DATA EXCERPT |
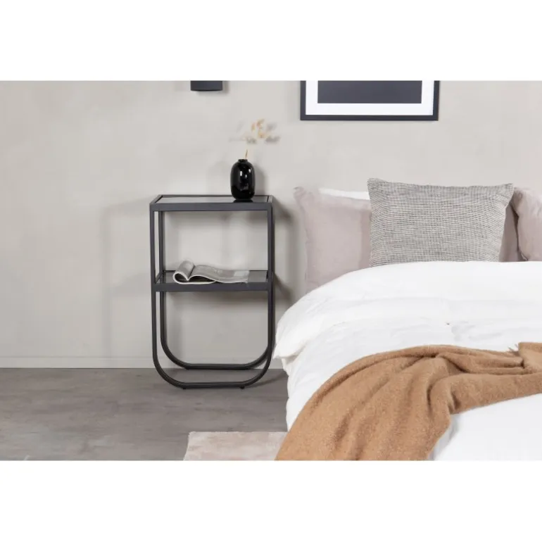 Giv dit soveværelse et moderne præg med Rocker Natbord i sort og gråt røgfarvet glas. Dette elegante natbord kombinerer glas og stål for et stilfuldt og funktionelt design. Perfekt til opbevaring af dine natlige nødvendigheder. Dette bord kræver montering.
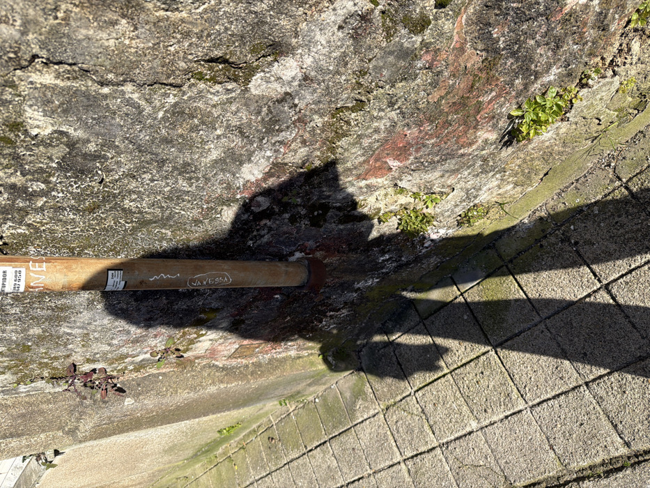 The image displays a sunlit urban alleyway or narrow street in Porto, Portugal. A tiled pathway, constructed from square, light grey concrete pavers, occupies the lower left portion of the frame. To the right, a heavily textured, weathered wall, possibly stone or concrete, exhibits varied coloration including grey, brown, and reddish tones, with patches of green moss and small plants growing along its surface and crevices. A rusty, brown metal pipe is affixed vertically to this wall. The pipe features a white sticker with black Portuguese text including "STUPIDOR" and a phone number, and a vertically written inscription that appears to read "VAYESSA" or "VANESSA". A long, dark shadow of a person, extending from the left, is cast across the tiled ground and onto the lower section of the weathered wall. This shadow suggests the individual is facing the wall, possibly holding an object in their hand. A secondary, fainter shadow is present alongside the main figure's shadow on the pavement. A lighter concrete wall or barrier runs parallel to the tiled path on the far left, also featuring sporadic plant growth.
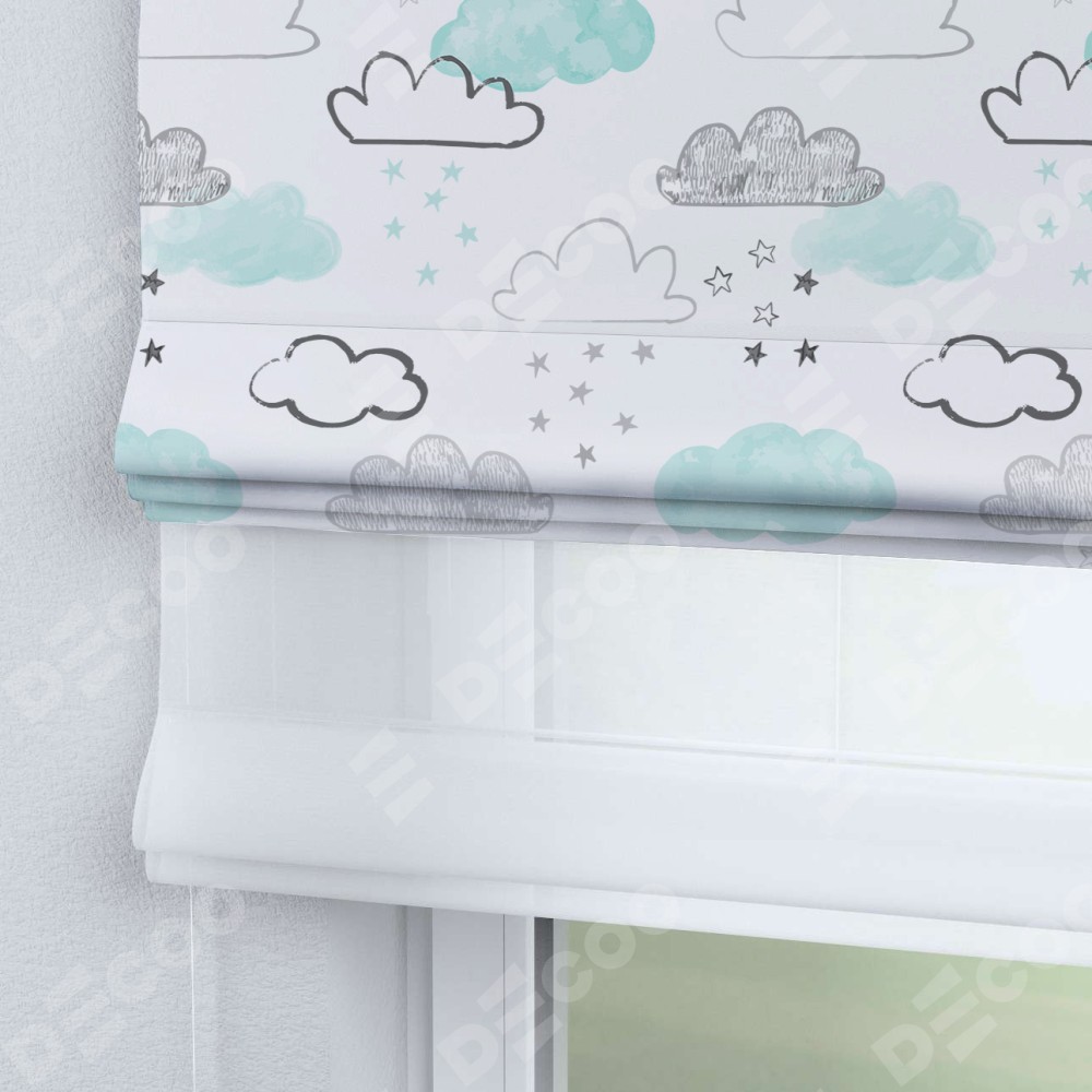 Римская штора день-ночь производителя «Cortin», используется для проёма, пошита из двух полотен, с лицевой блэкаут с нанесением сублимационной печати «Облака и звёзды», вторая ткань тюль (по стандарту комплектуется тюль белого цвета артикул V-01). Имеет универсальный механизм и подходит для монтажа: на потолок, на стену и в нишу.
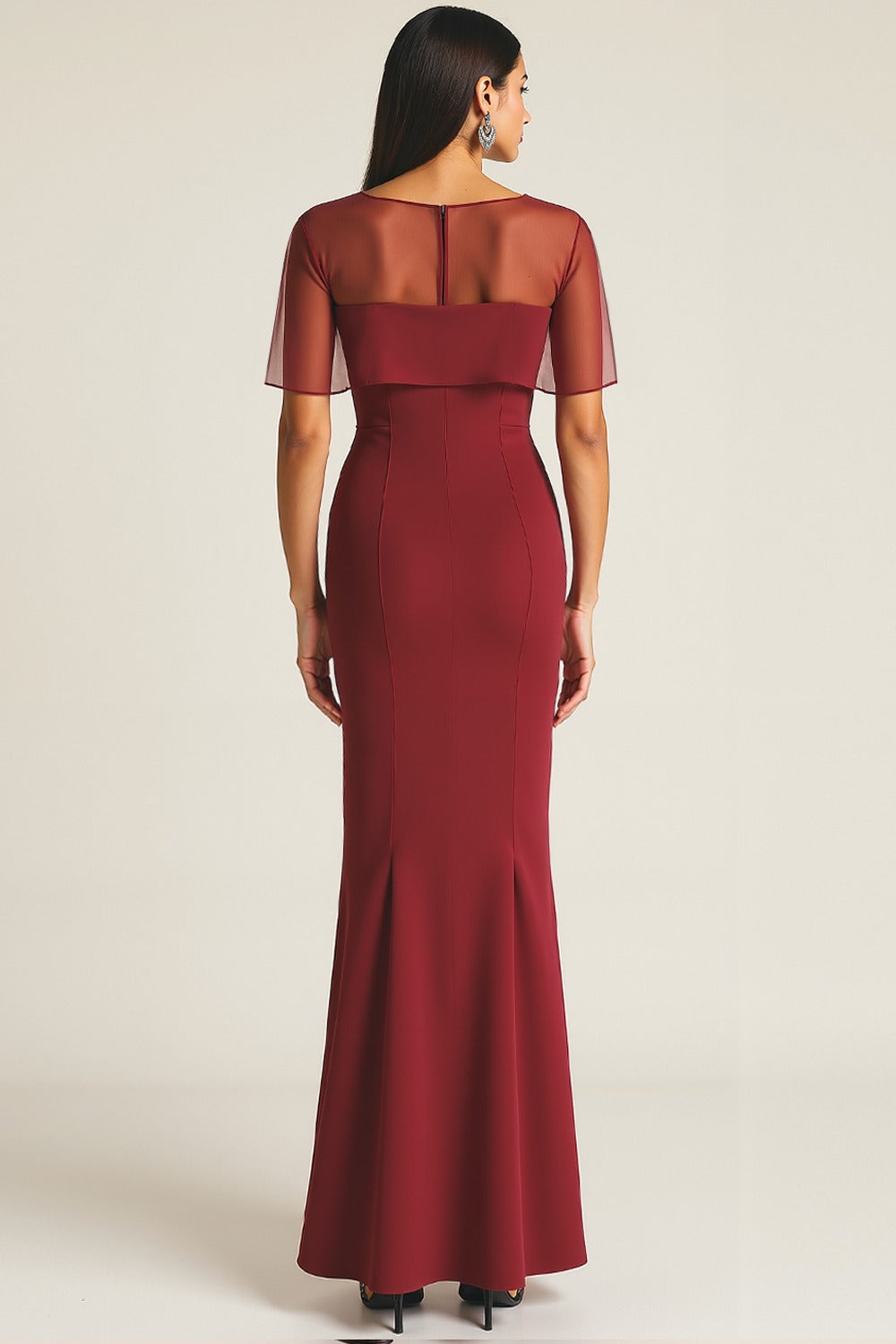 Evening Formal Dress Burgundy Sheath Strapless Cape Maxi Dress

WHAT TO DO | Your copy should hold exactly the lines from the line bearing "Римская штора день-ночь" through the end of the data, both included, and no pictures or anything further.

SOLUTION |
 Римская штора день-ночь производителя «Cortin», используется для проёма, пошита из двух полотен, с лицевой блэкаут с нанесением сублимационной печати «Облака и звёзды», вторая ткань тюль (по стандарту комплектуется тюль белого цвета артикул V-01). Имеет универсальный механизм и подходит для монтажа: на потолок, на стену и в нишу.
 Evening Formal Dress Burgundy Sheath Strapless Cape Maxi Dress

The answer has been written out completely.